This is of course what happens in many relationships without the aid of meditation exercises. Radical meditation is the attitude to life to actively seek out and challenge all sorts of thoughts, masks, primal emotions and so on. It is systematically enquiring “Who am I? Who is the one that all these experiences are happening to?”
This is a major task! It means taking life as an adventure into the unknown – who am I if I am not a Christian / Jain / Mohammedan? Who am I if I am not the games and defenses I’ve used all my life? Who is the one inside me who experiences love, pain, joy? Who is the one who experiences Englishness, or being a therapist?

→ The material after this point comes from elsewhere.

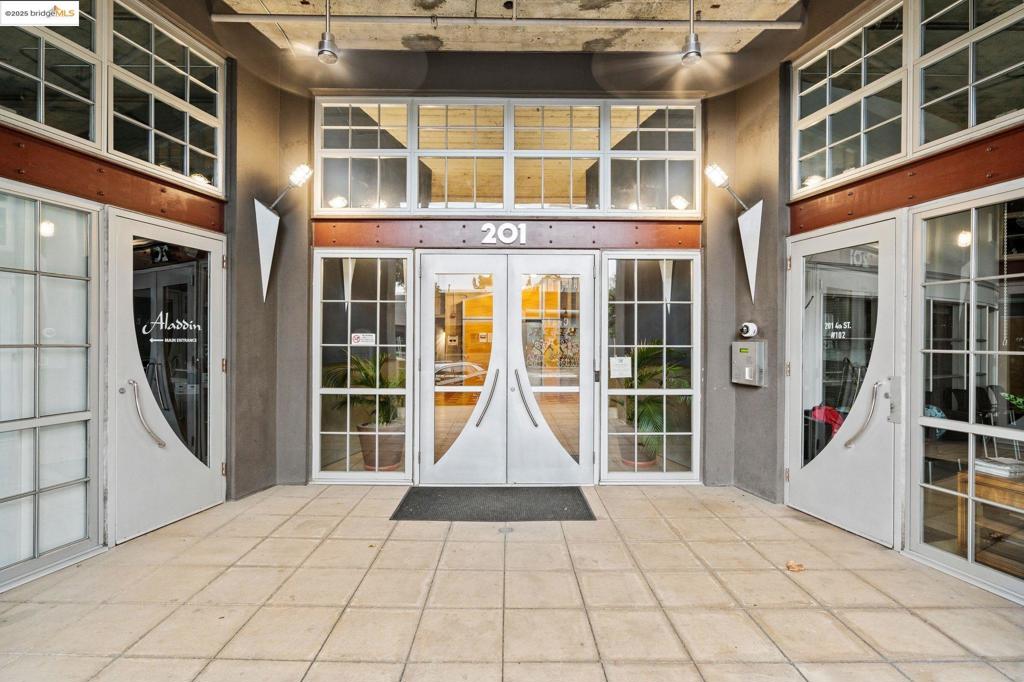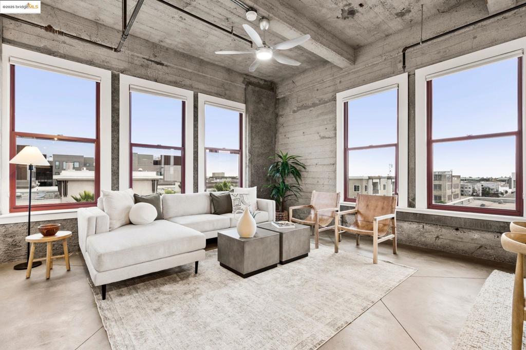 This beautifully updated, modern, single-level condo in The New Market Lofts building in the heart of Jack London Sq offers premium living and an exceptional urban lifestyle. A premium corner unit, this extraordinary & spacious 2 bedroom, 2 bath, 1,343+/- SF residence features soaring 12′ textured concrete ceilings with many architectural details from the original construction as the Safeway Corp headquarters. A modern, open concept floor plan enjoys stylish cement stone flooring, designer lighting, and beautifully updated kitchen complete w/ breakfast bar, stainless steel appliances, and modern cabinetry. Wall-to-wall windows bathe this captivating space in loads of natural light and views of Jack London Sq on to the Oakland Estuary. An expansive primary ensuite delivers a luxurious owner experience with premium walk-in shower with dual showerheads, double vanity, and large walk-in closet. New Market Lofts features an array of premium amenities including a fitness center and roof top deck, as well as 2 deeded tandem parking spots (#45 & #46) in secure garage. This premium location enjoys some of Oakland’s best dining, shopping and entertainment right outside your front door. Commuting couldn’t be easier with Ferry service to SF just steps away, and just minutes to BART.
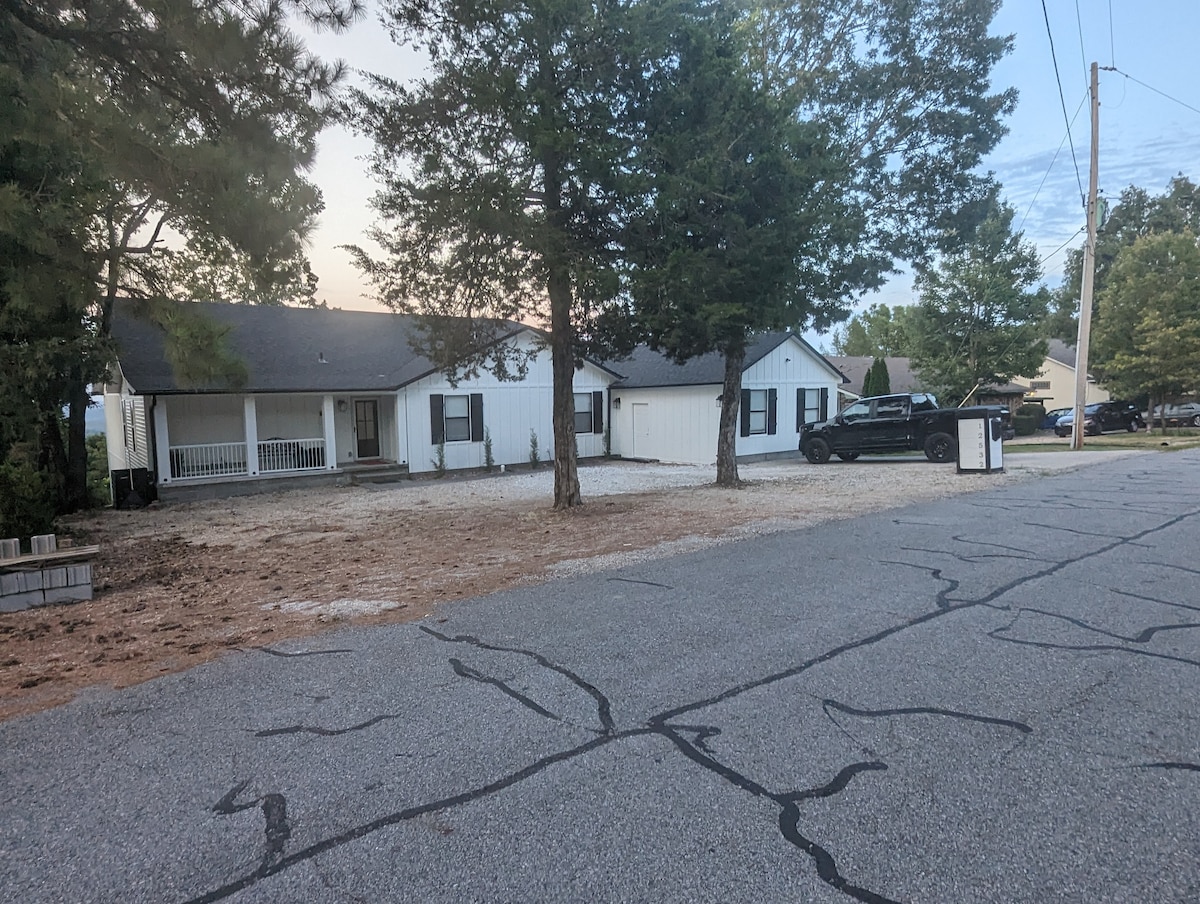 Nestled on a quiet street, surrounded by tall trees and a neat cave, your unique Beaver Lake rental awaits. Perfect for a "Great Outdoors" Family getaway, girls weekend, or a romantic escape. We can be your remote retreat, or your homebase for all the shopping and dining that Rogers, Bentonville and Eureka Springs have to offer. Play Bocce, cornhole or putt putt while friends & family sit around the fire. Our modern BoHo décor & classic cottage design creates a fun vibe for all!

As we witness, or are mindful of, all these things, slowly the sky of the mind begins to clear. We feel a kind of inner spaciousness and we are able to pull our attention in and in and in inside ourselves. All those things – roles, nationalities, identifications of all sorts seem less and less part of ourselves, more and more peripheral. We start to experience a pleasure that comes from just being, a contentment and joyfulness which arises from the very centre, and is not dependent on any outward events.
The enlightened ones say that in the end everything whatever is just a thought, including our bodies. They teach that, as with mindful awareness we can realise that as we are not identified with anger or grief, we can also know that we are not identified with the body itself. Though I do not experience this as more than momentary flashes of insight (and very wonderful they are), I’m sure it is true.
Thus meditation inevitably connects with things normally thought to be the realm of religion. This is offputting to many people, though without any need. There is no room in meditation for any religious beliefs, because these too are just thoughts. So there is no need to associate meditation with religion as religion is commonly understood. But meditation is the enquiry on the deepest level of “Who am I? Who is the one who experiences fear, joy, love, pain? Who is the one who experiences life and death?” This undoubtedly is spiritual in a certain sense of that word.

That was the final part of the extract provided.